>>>>>

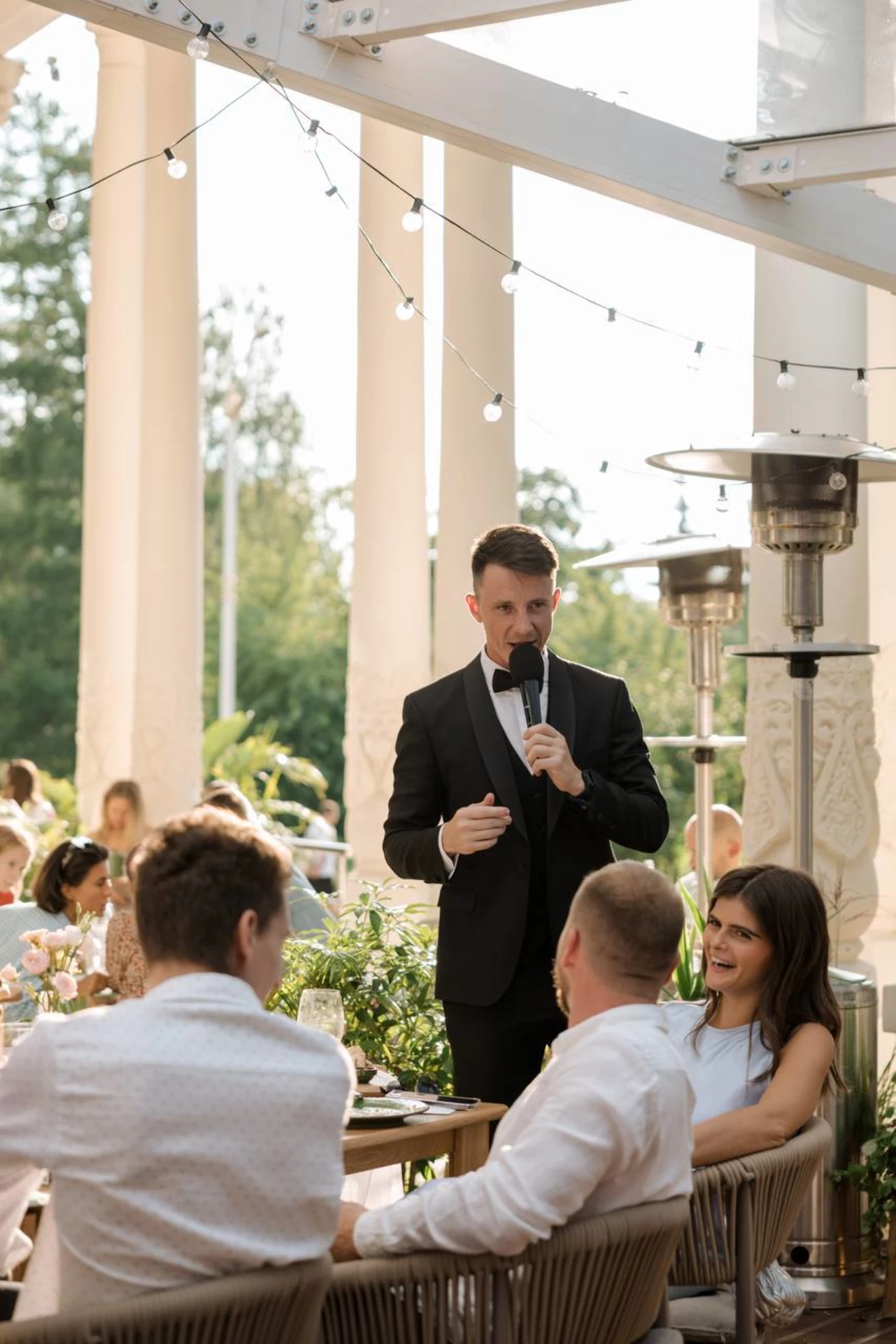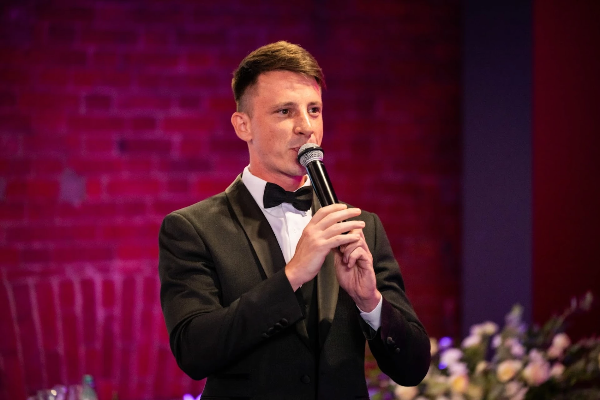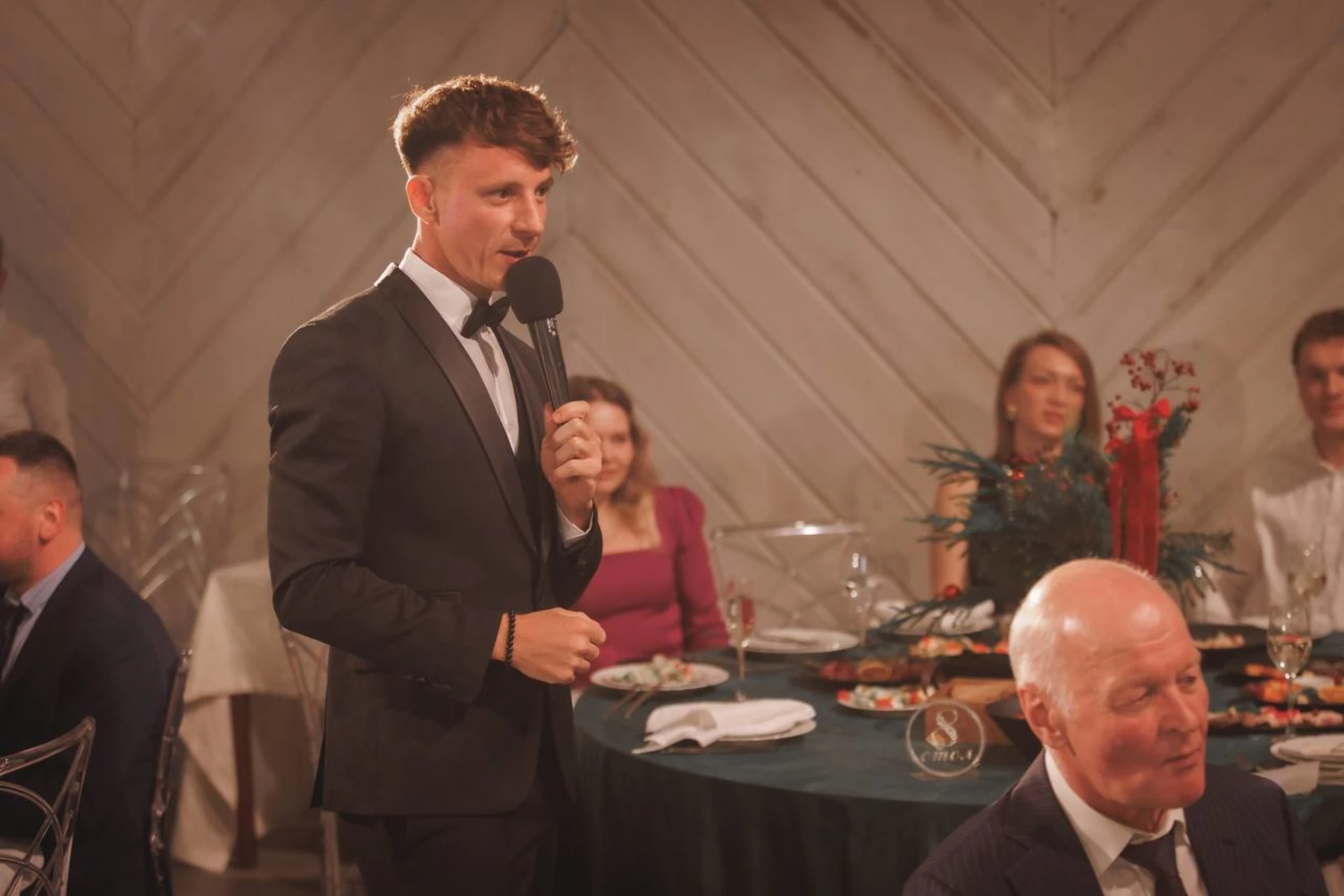 На свадьбе ведущий сразу же завоевал внимание гостей своим обаянием и харизмой. Он умело поддерживал атмосферу веселья, вовлекая всех в игры и конкурсы, которые были как веселыми, так и трогательными. Каждый момент был продуман до мелочей, и мы не могли не улыбаться, наблюдая за тем, как гости смеются и наслаждаются.
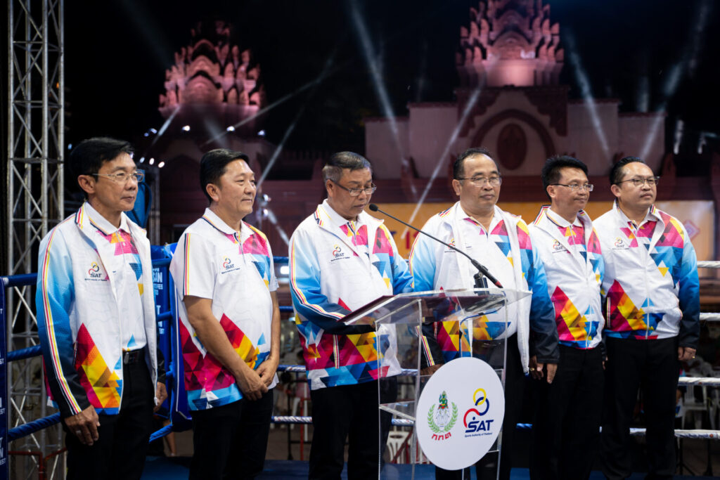 นายสรสาสน์ สีเพ็ง รองผู้ว่าราชการจังหวัดสุรินทร์ กล่าวว่า ในนามจังหวัดสุรินทร์รู้สึกเป็นเกียรติอย่างยิ่งที่ได้มีโอกาสต้อนรับคณะผู้บริหารการกีฬาแห่งประเทศไทย ผู้บริหารสมาคมกีฬา นักกีฬา กรรมการผู้ตัดสิน ผู้บริหารส่วนราชการ ภาคเอกชน ในจ.สุรินทร์ ตลอดจนสื่อมวลชน ที่เข้าร่วมงานการจัดการแข่งขันกีฬาเพื่อเชื่อมโยงการท่องเที่ยว เพื่อกระตุ้นเศรษฐกิจการขับเคลื่อนไทย ไปด้วยกัน ภายใต้โมเดลเศรษฐกิจสู่การพัฒนาที่ยั่งยืน หรือ Sports Tourism Economic Triangle Festival 2023 ที่มีแผนการลงพื้นที่ทั้งสิ้น 3 จังหวัด ประกอบด้วย จ.บุรีรัมย์ จ.สุรินทร์ และ จ.ชัยภูมิ ในรายการ SAT ISAN SPORTS FEST 2023
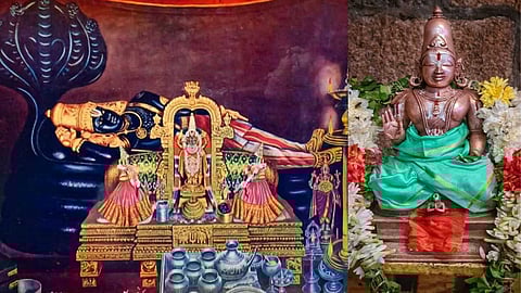 அவரை ஆசுவாசப்படுத்தி அமரச் செய்த பட்டர், அவர் கால்களில் சாஷ்டாங்கமாக விழுந்து நமஸ்காரம் செய்தார். தனது சிஷ்யர்களையும் நமஸ்காரம் செய்யச் சொன்னார்.
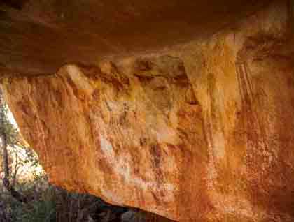 Our morning explorations took us to Jar Island to visit several wonderful galleries of the style of rock art called Bradshaw or Gwion Gwion. We hiked a short distance inland on an easy trail and then threaded our way among sets of huge boulders, clambering over smaller rocks and roots to arrive at shady openings where ancient figures of men and animals surrounded us. Gwion Gwion art evolved considerably over the long period during which it was created and we saw many beautiful examples of several different styles, including the oldest “tassled” figures, the “clothes-peg” figures – named for the resemblance of the body forms to old wooden clothes pegs – and more recent illustrations of fish, crabs, echidnas and other animals that are perhaps best described as menus. Cristiana, Mark and Brent described their forms to us, pointing out many that were hidden in the shadows or under overhanging rocks and encouraging us to speculate on their significance. No one today fully understands Gwion Gwion art, but we felt a strong connection to the lives of the people who lived here and touched these very boulders so long ago, leaving beautiful and mysterious stories for us to contemplate.
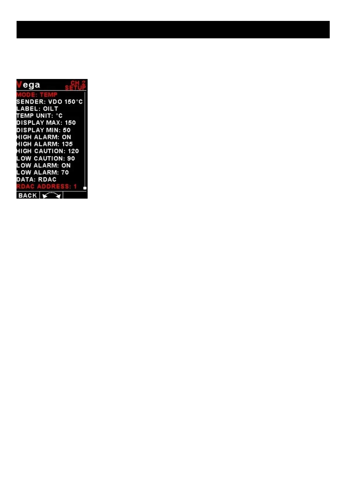 Select what type of sender you are using. Select “VDO 120” for a VDO 120 degree NTC sender, Select “VDO 150” for a
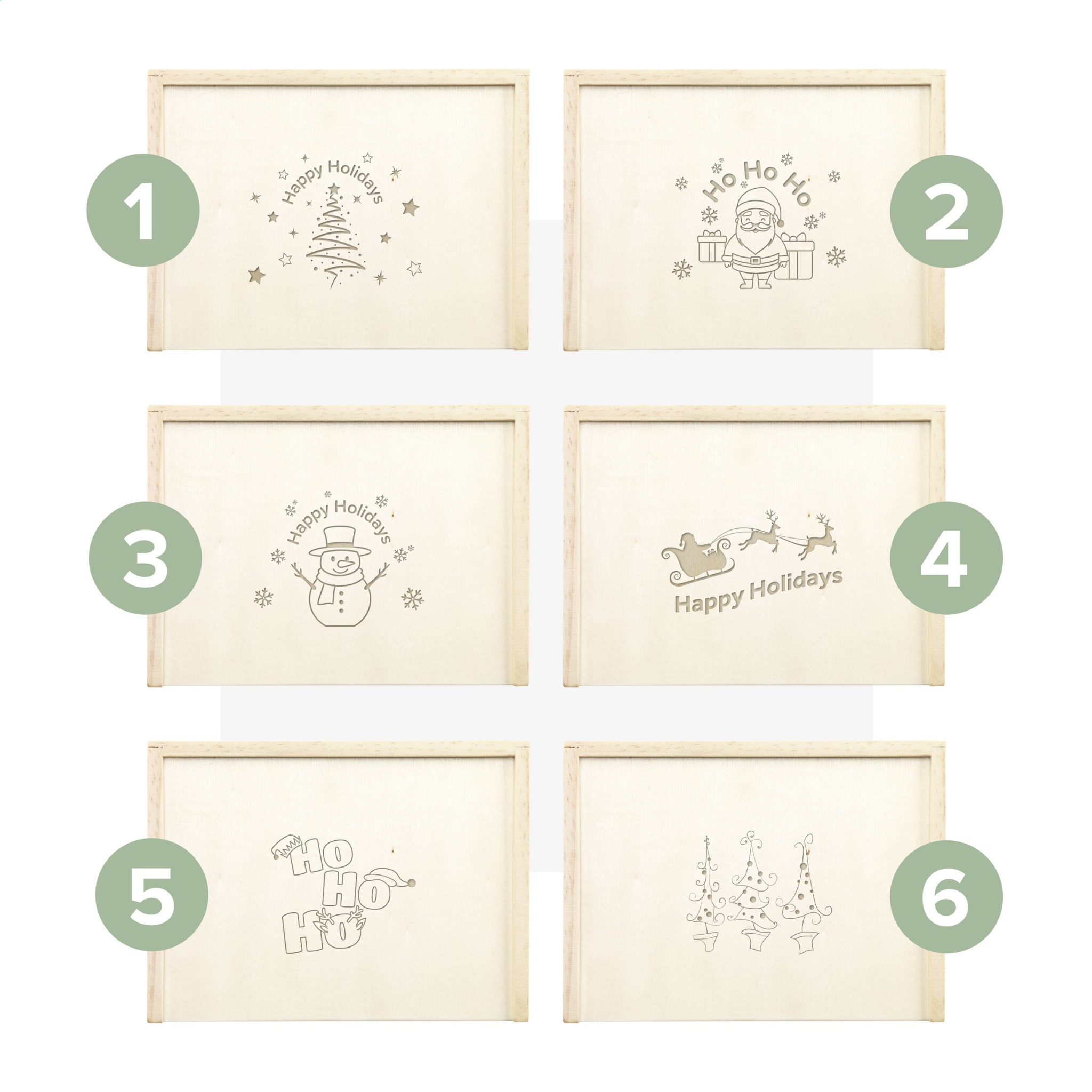 Vau! Kaksi korttipakkaa korkealaatuisesta kierrätetystä voimapaperista (250 g/m²). Tämä peli koostuu 52 pelikortista ja 2 jokerista. Säilytetty kierrätetystä kartongista valmistetussa laatikossa. Näiden korttien takapuolella on sama vakiokuva. Nämä korttipakat toimitetaan mäntypuusäilytyslaatikossa, jossa on liukuva kansi. - Tämä tuote on painettu tavallisella joulukuviolla. Valittavana 6 erilaista mallia kuvien mukaisesti. Suunnittelua ei ole mahdollista muokata.
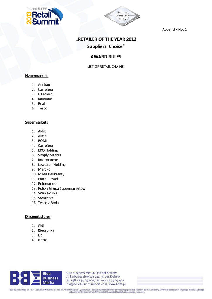 Appendix No. 1 „RETAILER OF THE YEAR 2012 Suppliers’ Choice” AWARD RULES LIST OF RETAIL CHAINS: Hypermarkets 1. 2. 3. 4. 5. 6. Auchan Carrefour E.Leclerc Kaufland Real Tesco Supermarkets 1. 2. 3. 4. 5. 6. 7. 8. 9. 10. 11. 12. 13. 14. 15. 16. Aldik Alma BOMI Carrefour EKO Holding Simply Market Intermarche Lewiatan Holding MarcPol Milea Delikatesy Piotr i Paweł Polomarket Polska Grupa Supermarketów SPAR Polska Stokrotka Tesco / Savia Discount stores 1. 2. 3. 4. Aldi Biedronka Lidl Netto Convenience and regional retail chains 1. 2. 3. 4. 5. 6. 7. 8. 9. 10. 11. 12. ABC Chata Polska Delikatesy Centrum Eden LD Holding Euro Sklep Groszek PSS Społem Sieć Handlowa Rabat Sklep Polski Żabka / Freshmarket Polska Sieć Handlowa NASZ SKLEP Wholesalers & Distributors 1. 2. 3. 4. 5. 6. 7. 8. Bać-Pol Eurocash Grupa MPT Lekkerland Makro Cash&Carry Selgros Specjał Tradis Chemist’s 1. 2. 3. 4. 5. 6. 7. 8. 9. Douglas Drogeria Natura / Drogerie Aster Habe Marionnaud Polska Grupa Drogeryjna Rossmann Schlecker / Dayli my shop Sephora Superpharm
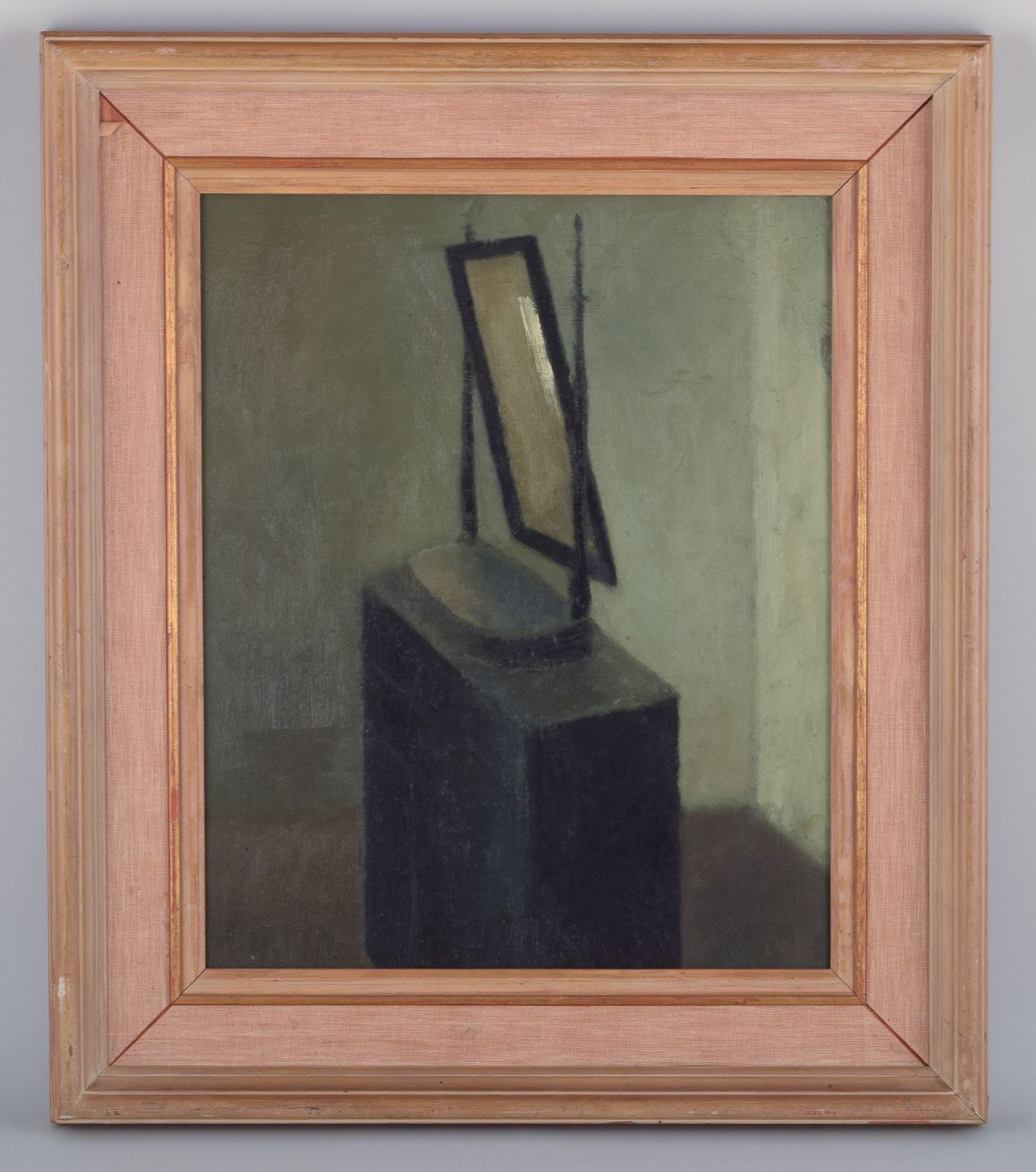 Lars Vidlund, svensk kunstner, olie på plade. Modernistisk stilleben med vippespejl på sokkel. Mørke og afdæmpede toner.
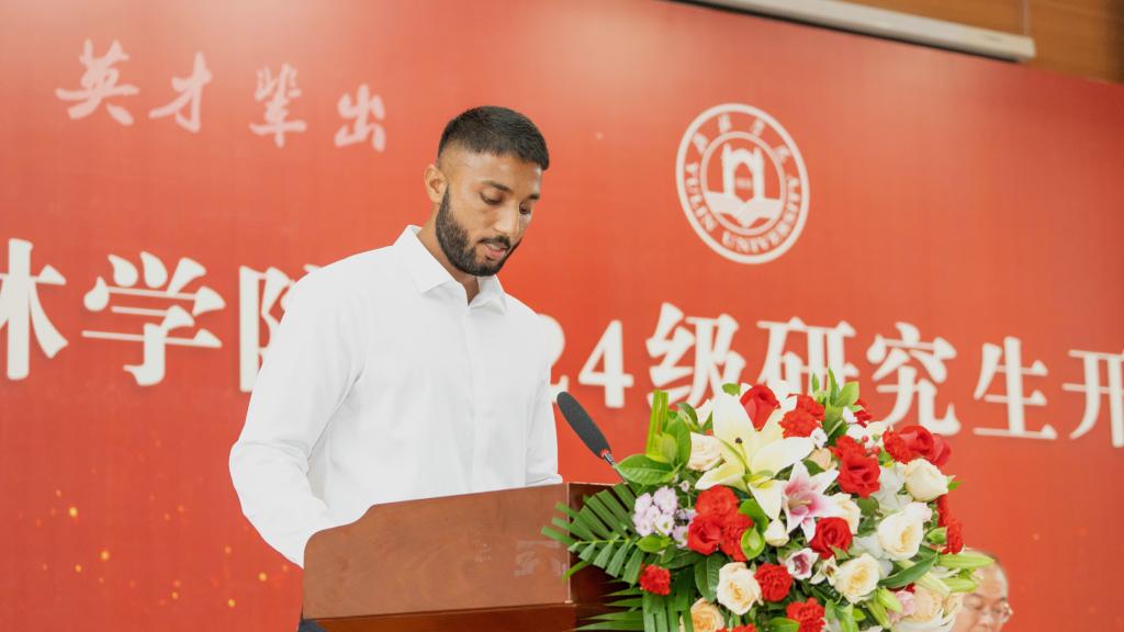 来自巴基斯坦的海德同学代表留学研究生新生发言,表示将认真学习汉语,了解中国传统文化和历史,努力融入中国大学的生活,作中巴两国文化交流的使者。

<<<<<

Work to complete: Range to copy from the listing above: the line with "นายสรสาสน์ สีเพ็ง รองผู้ว่าราชการจังหวัดสุรินทร์" through the line with "அவரை ஆசுவாசப்படுத்தி அமரச்". Transcribe it exactly and skip the pictures.

Written solution:
 นายสรสาสน์ สีเพ็ง รองผู้ว่าราชการจังหวัดสุรินทร์ กล่าวว่า ในนามจังหวัดสุรินทร์รู้สึกเป็นเกียรติอย่างยิ่งที่ได้มีโอกาสต้อนรับคณะผู้บริหารการกีฬาแห่งประเทศไทย ผู้บริหารสมาคมกีฬา นักกีฬา กรรมการผู้ตัดสิน ผู้บริหารส่วนราชการ ภาคเอกชน ในจ.สุรินทร์ ตลอดจนสื่อมวลชน ที่เข้าร่วมงานการจัดการแข่งขันกีฬาเพื่อเชื่อมโยงการท่องเที่ยว เพื่อกระตุ้นเศรษฐกิจการขับเคลื่อนไทย ไปด้วยกัน ภายใต้โมเดลเศรษฐกิจสู่การพัฒนาที่ยั่งยืน หรือ Sports Tourism Economic Triangle Festival 2023 ที่มีแผนการลงพื้นที่ทั้งสิ้น 3 จังหวัด ประกอบด้วย จ.บุรีรัมย์ จ.สุรินทร์ และ จ.ชัยภูมิ ในรายการ SAT ISAN SPORTS FEST 2023
 அவரை ஆசுவாசப்படுத்தி அமரச் செய்த பட்டர், அவர் கால்களில் சாஷ்டாங்கமாக விழுந்து நமஸ்காரம் செய்தார். தனது சிஷ்யர்களையும் நமஸ்காரம் செய்யச் சொன்னார்.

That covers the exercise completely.